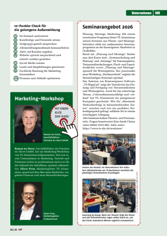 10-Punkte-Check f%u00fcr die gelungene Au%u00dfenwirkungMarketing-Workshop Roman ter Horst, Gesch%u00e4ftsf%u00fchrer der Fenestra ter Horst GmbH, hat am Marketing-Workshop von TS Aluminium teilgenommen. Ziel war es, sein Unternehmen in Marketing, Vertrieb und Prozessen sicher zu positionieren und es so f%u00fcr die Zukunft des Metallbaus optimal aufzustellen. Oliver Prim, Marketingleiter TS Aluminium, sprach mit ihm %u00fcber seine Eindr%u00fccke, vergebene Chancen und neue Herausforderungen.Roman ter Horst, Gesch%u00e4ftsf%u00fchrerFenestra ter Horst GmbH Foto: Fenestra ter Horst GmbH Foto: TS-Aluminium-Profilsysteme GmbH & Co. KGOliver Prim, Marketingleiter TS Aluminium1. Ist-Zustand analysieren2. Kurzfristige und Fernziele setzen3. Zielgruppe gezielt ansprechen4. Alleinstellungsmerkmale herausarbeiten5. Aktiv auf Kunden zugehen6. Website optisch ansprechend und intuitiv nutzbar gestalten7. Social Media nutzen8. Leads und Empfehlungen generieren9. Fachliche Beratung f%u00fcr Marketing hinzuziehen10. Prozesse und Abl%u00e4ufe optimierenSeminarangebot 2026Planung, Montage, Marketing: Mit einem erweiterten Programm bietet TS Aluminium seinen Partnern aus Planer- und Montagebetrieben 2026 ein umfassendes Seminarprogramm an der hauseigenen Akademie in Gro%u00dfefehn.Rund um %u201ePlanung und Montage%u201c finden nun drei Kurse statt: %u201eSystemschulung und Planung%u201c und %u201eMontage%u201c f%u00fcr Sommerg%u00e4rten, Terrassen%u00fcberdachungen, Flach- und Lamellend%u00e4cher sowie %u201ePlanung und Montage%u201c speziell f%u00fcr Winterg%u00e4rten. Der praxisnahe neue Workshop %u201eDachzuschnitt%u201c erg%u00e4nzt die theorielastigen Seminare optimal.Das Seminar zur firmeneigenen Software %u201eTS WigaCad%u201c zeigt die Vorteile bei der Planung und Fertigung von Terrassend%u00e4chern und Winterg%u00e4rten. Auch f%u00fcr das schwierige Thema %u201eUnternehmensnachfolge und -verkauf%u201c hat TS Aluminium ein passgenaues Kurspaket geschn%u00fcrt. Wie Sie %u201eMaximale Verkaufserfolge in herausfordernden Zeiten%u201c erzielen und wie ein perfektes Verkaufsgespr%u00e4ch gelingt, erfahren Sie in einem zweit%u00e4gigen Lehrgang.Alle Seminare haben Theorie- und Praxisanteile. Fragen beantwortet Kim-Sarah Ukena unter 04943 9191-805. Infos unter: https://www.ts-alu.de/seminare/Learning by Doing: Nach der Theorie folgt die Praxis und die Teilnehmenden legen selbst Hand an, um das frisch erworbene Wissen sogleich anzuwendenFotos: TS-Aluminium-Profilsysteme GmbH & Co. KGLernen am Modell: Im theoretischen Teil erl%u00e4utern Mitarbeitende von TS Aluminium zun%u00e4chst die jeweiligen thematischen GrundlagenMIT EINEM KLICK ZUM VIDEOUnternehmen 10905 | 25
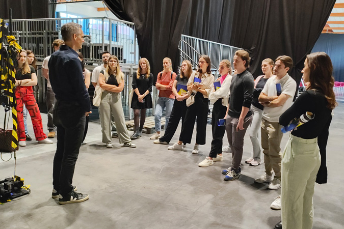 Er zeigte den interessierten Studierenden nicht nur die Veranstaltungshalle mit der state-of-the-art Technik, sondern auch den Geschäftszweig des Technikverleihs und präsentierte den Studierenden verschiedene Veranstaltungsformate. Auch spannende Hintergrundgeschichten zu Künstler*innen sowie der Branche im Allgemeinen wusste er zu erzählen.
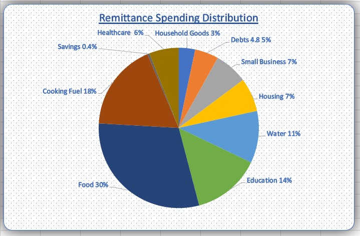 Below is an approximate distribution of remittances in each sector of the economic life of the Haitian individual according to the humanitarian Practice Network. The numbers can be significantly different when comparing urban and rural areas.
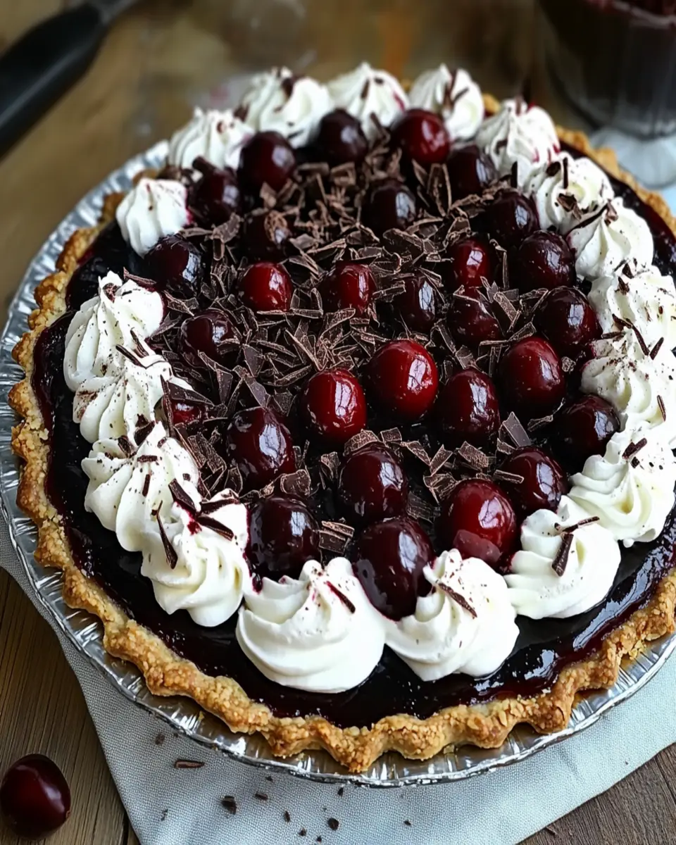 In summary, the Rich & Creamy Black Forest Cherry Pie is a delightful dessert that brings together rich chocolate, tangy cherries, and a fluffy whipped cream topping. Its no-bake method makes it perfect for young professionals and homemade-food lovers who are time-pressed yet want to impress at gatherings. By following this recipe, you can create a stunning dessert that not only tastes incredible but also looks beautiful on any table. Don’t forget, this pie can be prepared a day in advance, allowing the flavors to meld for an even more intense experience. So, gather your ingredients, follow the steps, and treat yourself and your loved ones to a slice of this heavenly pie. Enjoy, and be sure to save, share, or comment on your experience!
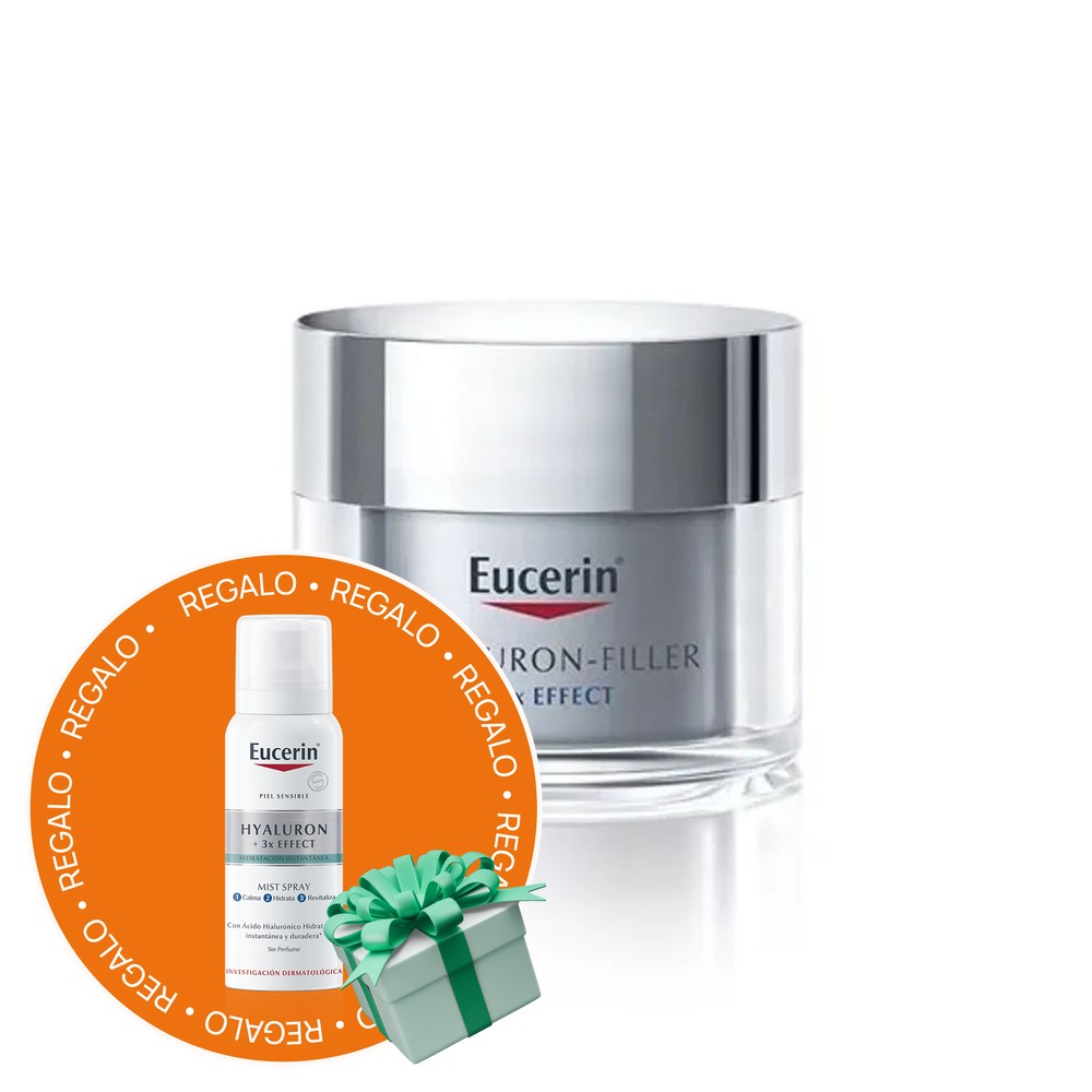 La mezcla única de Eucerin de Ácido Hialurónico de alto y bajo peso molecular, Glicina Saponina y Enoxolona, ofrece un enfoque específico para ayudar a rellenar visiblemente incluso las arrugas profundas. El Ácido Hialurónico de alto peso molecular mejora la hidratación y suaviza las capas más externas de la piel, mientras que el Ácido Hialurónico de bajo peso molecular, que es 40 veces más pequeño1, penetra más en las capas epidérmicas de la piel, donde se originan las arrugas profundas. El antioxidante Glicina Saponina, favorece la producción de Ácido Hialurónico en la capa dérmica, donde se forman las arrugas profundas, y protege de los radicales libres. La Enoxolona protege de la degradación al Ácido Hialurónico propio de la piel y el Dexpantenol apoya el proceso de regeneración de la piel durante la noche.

---

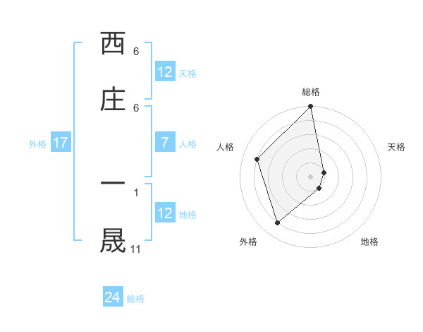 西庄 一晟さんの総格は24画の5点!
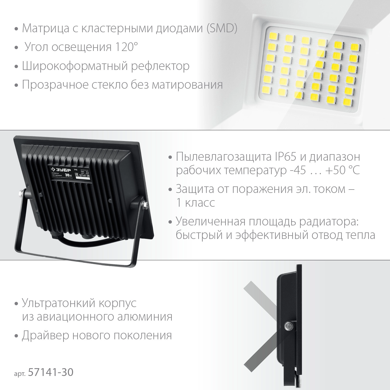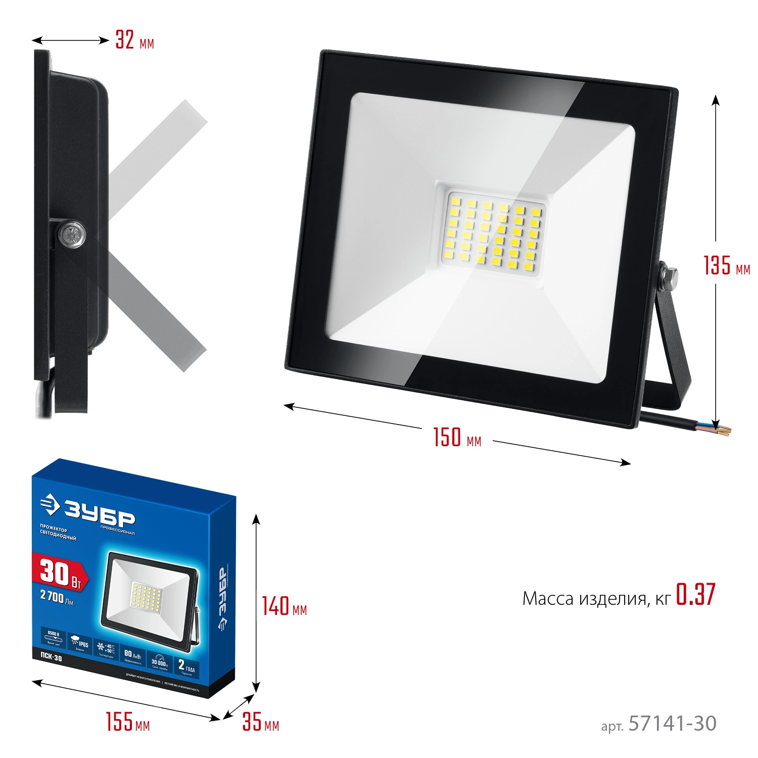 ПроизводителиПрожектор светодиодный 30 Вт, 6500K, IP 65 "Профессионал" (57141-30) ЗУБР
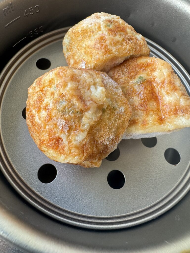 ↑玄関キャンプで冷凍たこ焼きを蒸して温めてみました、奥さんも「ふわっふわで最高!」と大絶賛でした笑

...

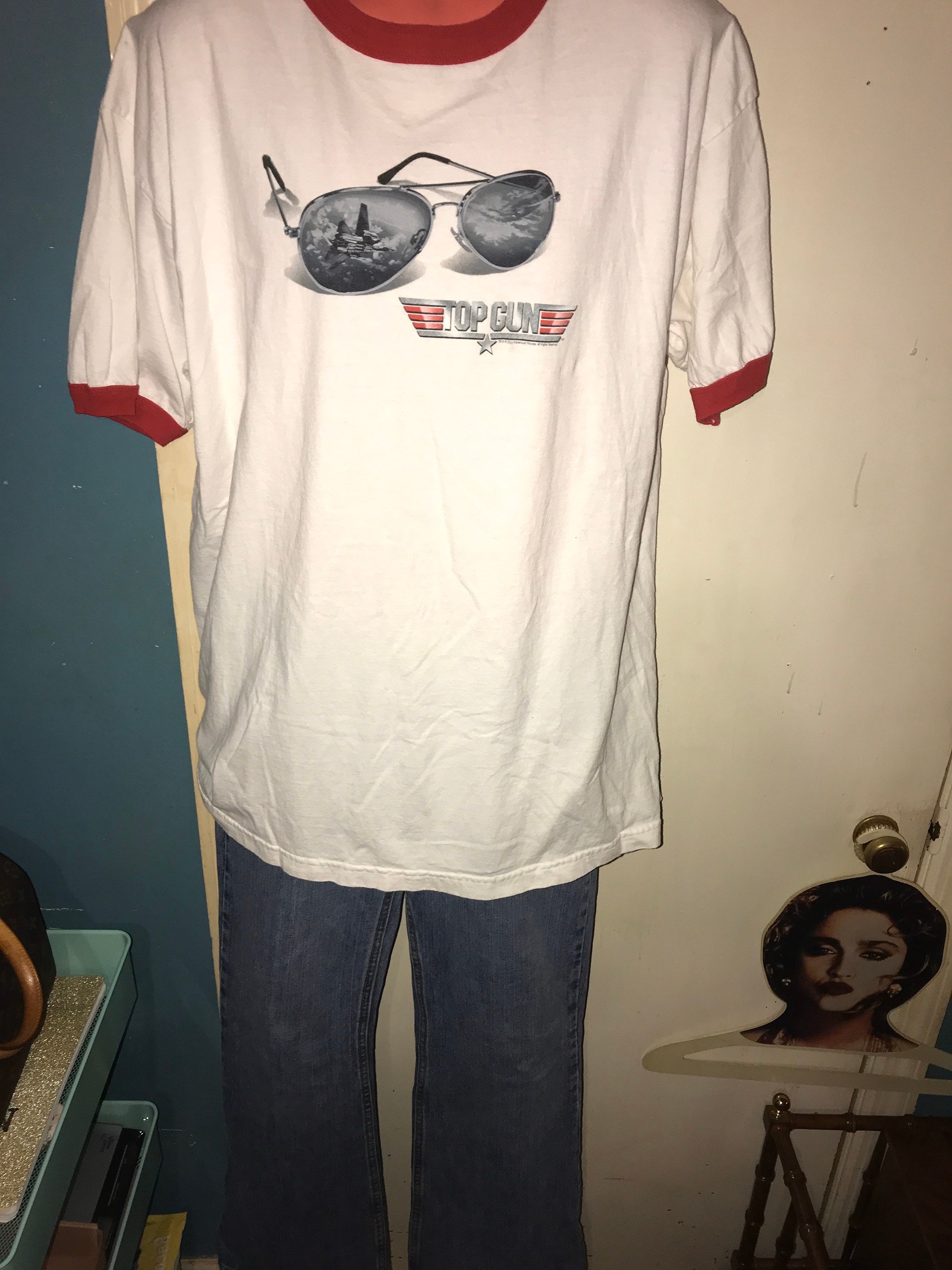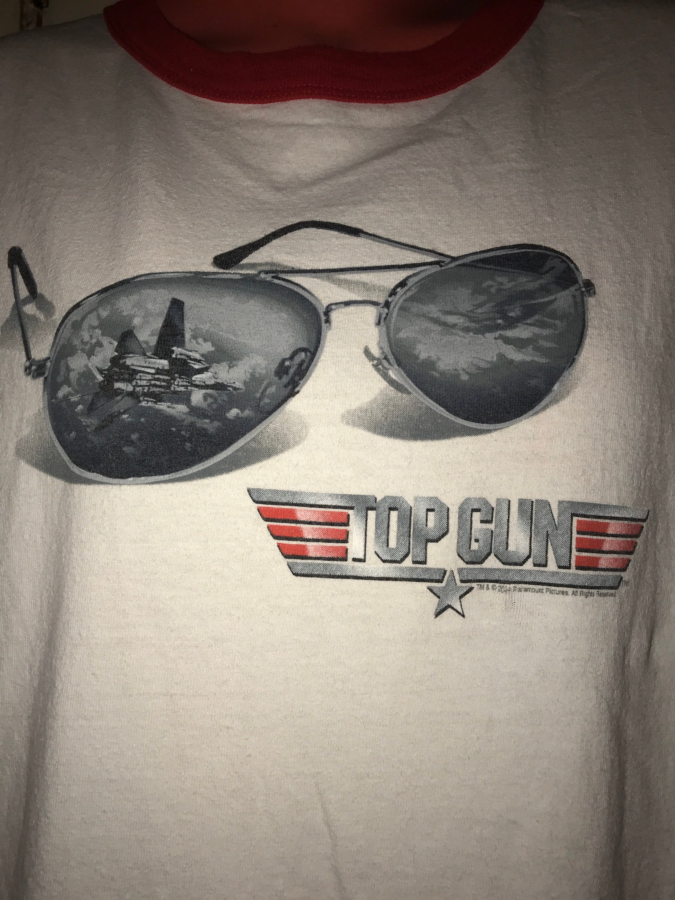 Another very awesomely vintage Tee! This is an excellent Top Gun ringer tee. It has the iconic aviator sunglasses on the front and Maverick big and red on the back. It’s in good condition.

What this task involves
What to print is the stretch of entries from the line with "Er zeigte den" up to and including the line with "In summary, the". Please print it exactly and leave out the pictures.

Written reply
 Er zeigte den interessierten Studierenden nicht nur die Veranstaltungshalle mit der state-of-the-art Technik, sondern auch den Geschäftszweig des Technikverleihs und präsentierte den Studierenden verschiedene Veranstaltungsformate. Auch spannende Hintergrundgeschichten zu Künstler*innen sowie der Branche im Allgemeinen wusste er zu erzählen.
 Below is an approximate distribution of remittances in each sector of the economic life of the Haitian individual according to the humanitarian Practice Network. The numbers can be significantly different when comparing urban and rural areas.
 In summary, the Rich & Creamy Black Forest Cherry Pie is a delightful dessert that brings together rich chocolate, tangy cherries, and a fluffy whipped cream topping. Its no-bake method makes it perfect for young professionals and homemade-food lovers who are time-pressed yet want to impress at gatherings. By following this recipe, you can create a stunning dessert that not only tastes incredible but also looks beautiful on any table. Don’t forget, this pie can be prepared a day in advance, allowing the flavors to meld for an even more intense experience. So, gather your ingredients, follow the steps, and treat yourself and your loved ones to a slice of this heavenly pie. Enjoy, and be sure to save, share, or comment on your experience!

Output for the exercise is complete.